→ **Input data**
....

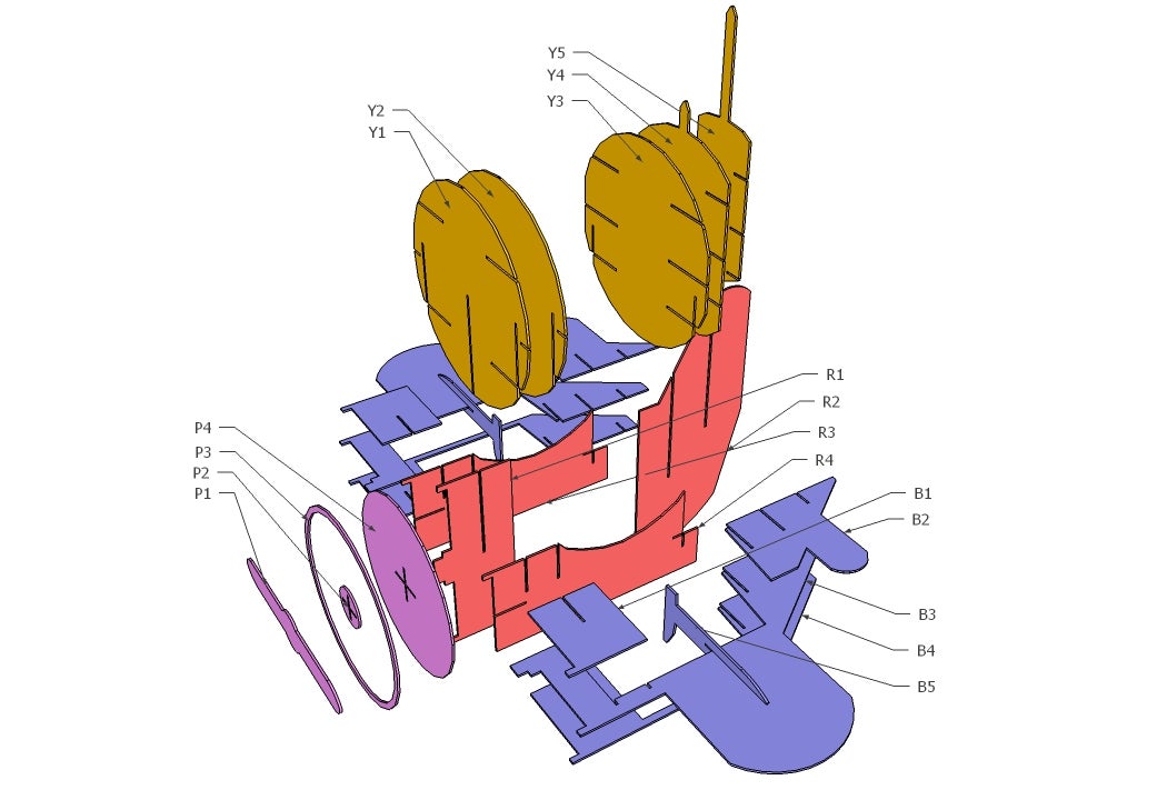 The design was exported to DraftSight as flattened 2D shapes. In DraftSight the components were laid out onto sheets that would fit in the laser cutter (20" x 32"). Once all the components were laid out, the sheets were cut down to the minimum size required. Duplicate lines were then deleted for any components that were touching one another.
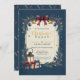 This elegant Christmas party invitation features a navy background, classic gold accents, festive greenery, and a warm lantern with wrapped gifts. The hand-painted style adds a cozy holiday charm perfect for winter gatherings. Ideal for hosts who want a traditional, timeless Christmas aesthetic with rich colors and seasonal details.
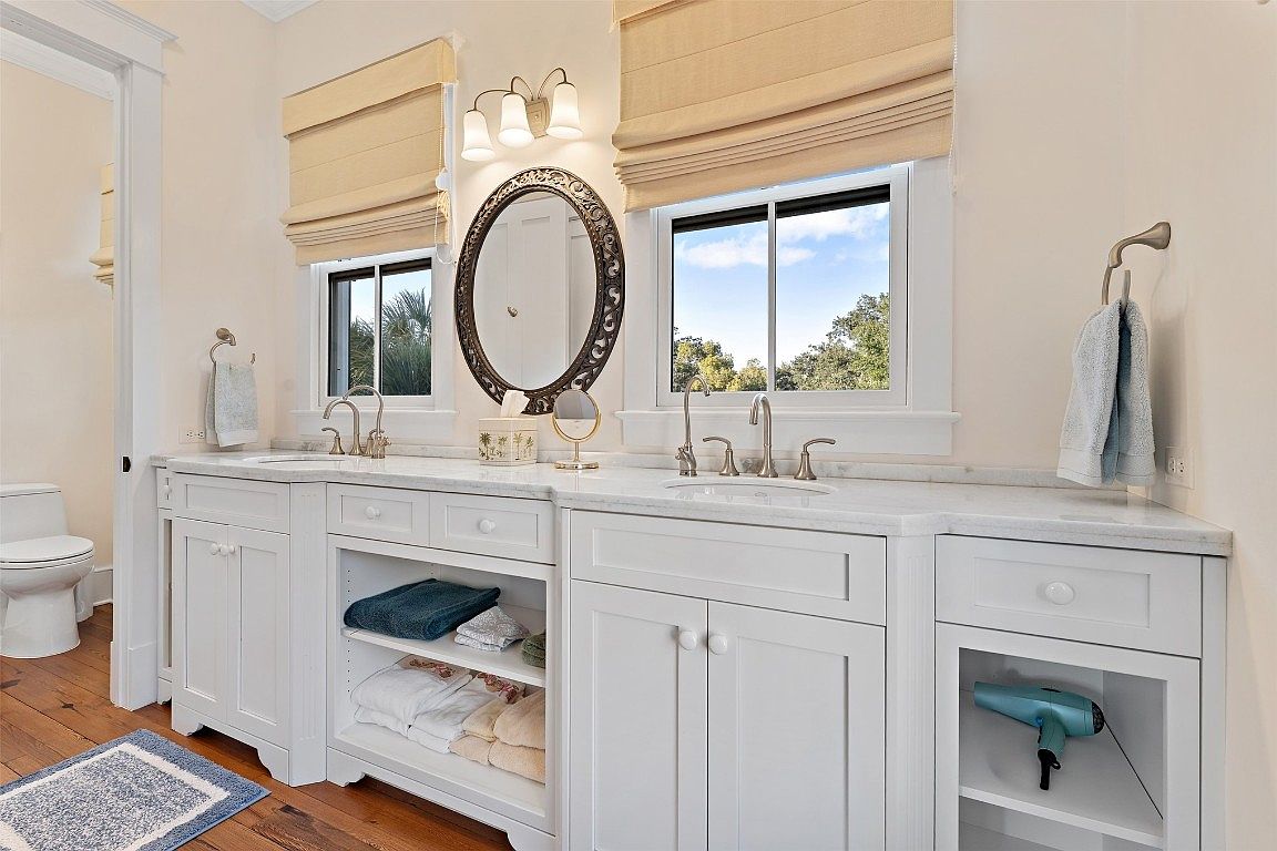 This spacious master bathroom showcases a beautifully designed vanity area, featuring elegant white cabinetry and a stunning marble countertop. The dual sinks are complemented by tasteful faucet fixtures, enhancing the modern aesthetic. Sunlight floods the space through large windows adorned with soft, neutral-tone Roman shades, offering both privacy and natural light. A round decorative mirror adds a touch of sophistication, while organized shelving below displays neatly folded towels in calming colors. The warm hardwood flooring beneath provides a cozy contrast to the overall light palette, creating a welcoming and family-friendly atmosphere that invites relaxation and rejuvenation.

....

→ **The task**
Give back, exactly as written, the lines from the top of the material above to the line containing "This elegant Christmas", both included; skip every picture.

→ **Task answer**
 The design was exported to DraftSight as flattened 2D shapes. In DraftSight the components were laid out onto sheets that would fit in the laser cutter (20" x 32"). Once all the components were laid out, the sheets were cut down to the minimum size required. Duplicate lines were then deleted for any components that were touching one another.
 This elegant Christmas party invitation features a navy background, classic gold accents, festive greenery, and a warm lantern with wrapped gifts. The hand-painted style adds a cozy holiday charm perfect for winter gatherings. Ideal for hosts who want a traditional, timeless Christmas aesthetic with rich colors and seasonal details.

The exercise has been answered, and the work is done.